I did date three women who were significantly taller than me, two at 5’11” and one at 5’10”. (I am 5’8”) And all three happened to be 32 years of age, which is more than a coincidence and a tie-in with this blog. No doubt all three wanted a tall Alfa male, and lost, so a safe stable Beta male was the next best thing in their 30’s, for I certainly didn’t grow any taller and I doubt I got better looking. These women were past their prime and worried. I was in my late 30’s, at this time of my life, after being married for 10 years.
It was also at this time that I could easily date younger women, and I did. When I was 38, my first girlfriend was 27, the next was 27 and the next was 24 who became my second wife. I never dated with any intent of marrying a woman my age. Younger women had no issue with me dating them, and I certainly had no issue dating them. I remember going to singles events and seeing very pretty women, who were my age, who I know 15 years earlier would not have given me the time of day. And even now, they may have looked better than myself, but now it was me who had no interest in approaching them. I did not want to take time and money away from pursuing younger women. Why go old, when I could go young? I was amazed how the dating game changed in my favor. And I used it to my advantage, just as women had done years earlier.

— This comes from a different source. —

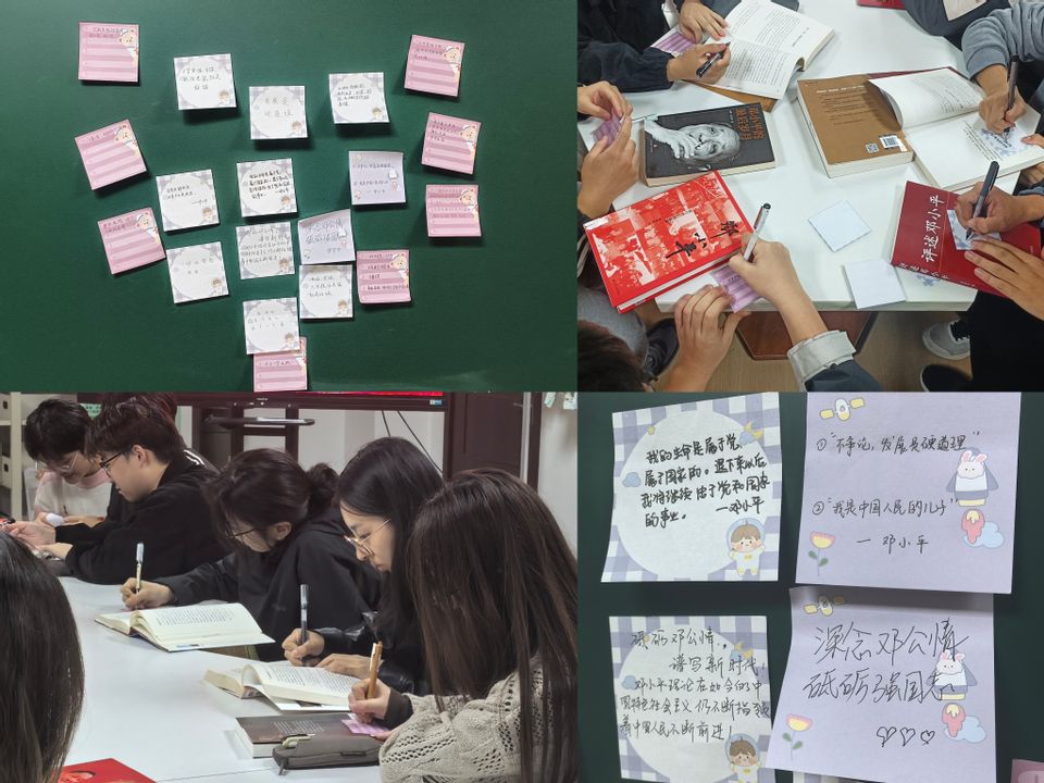 留下一张心灵印记。邓小平同志对共产主义远大理想和中国特色社会主义信念无比坚定的崇高品格、对人民无比热爱的伟大情怀、始终坚持实事求是的理论品质、不断开拓创新的政治勇气、坦荡无私的博大胸襟深深打动着每一位党员的心。学习交流结束后,支部成员通过文字的形式,在便利贴上记录本次党日活动的心得感悟,更加坚定了为党的事业贡献力量的决心。

I am now married and have 4 sons. I have 3 degrees, and I have co-authored 2 US patents. I could have provided a good life to any girl. I wanted a taller girl because of the physical turn on and to fulfil one of my desires, yet not one single tall girl (in her 20’s) gave me a chance. I was turned down consistently and without a second thought. (Maybe due to the Alfa male fascination) So, if you find yourself in your late 20’s or early 30’s with no prospect of a husband or children in the immediate future, you have no one to blame but yourself. There were men like me, who wanted a leggy female, but they, like me, were never accorded the opportunity. (This also applies to average height women, too) And the reality is that the vast majority of tall women will not even consider a shorter man (and Beta males) until it is too late. You would think it would be obvious that if you included shorter males (and Beta males) in your suitor selection, your odds would increase of finding a mate. There are a lot more short and medium height males than there are taller ones. So my advice would be to accept the advances of all men and get to know them. I, who would have relished the opportunity of having curvy broad hips and a tapered waist to hold all night and to make love to into the early hours of the morning, was never, not once, even given a chance to start a relationship. Throw away the yardstick, for you may find someone like me, who would love to share his life and love with a tall girl.
By the way, another tie in with this article and be found at this site on short guys.
This writer tells about his rejections in his 20’s by women only to find that women now chased after him, in spite of his height, now he is in his early 30’s. He warns of the dangers of the “Reformed Heightest Woman” who are desperate after wasting their life chasing the Alfa male and now want a stable Beta with a steady pay-check.
Here is another on how women who found the Mr. Average (Beta Males) were worth nothing in their 20’s and now that these women are in their 30’s can’t buy a date, even from the Beta Males on why women lose in the dating game.
During their 20s, women compete for the most highly desirable men, the Mr Bigs. Many will readily share a bed with the sporty, attractive, confident men, while ordinary men miss out.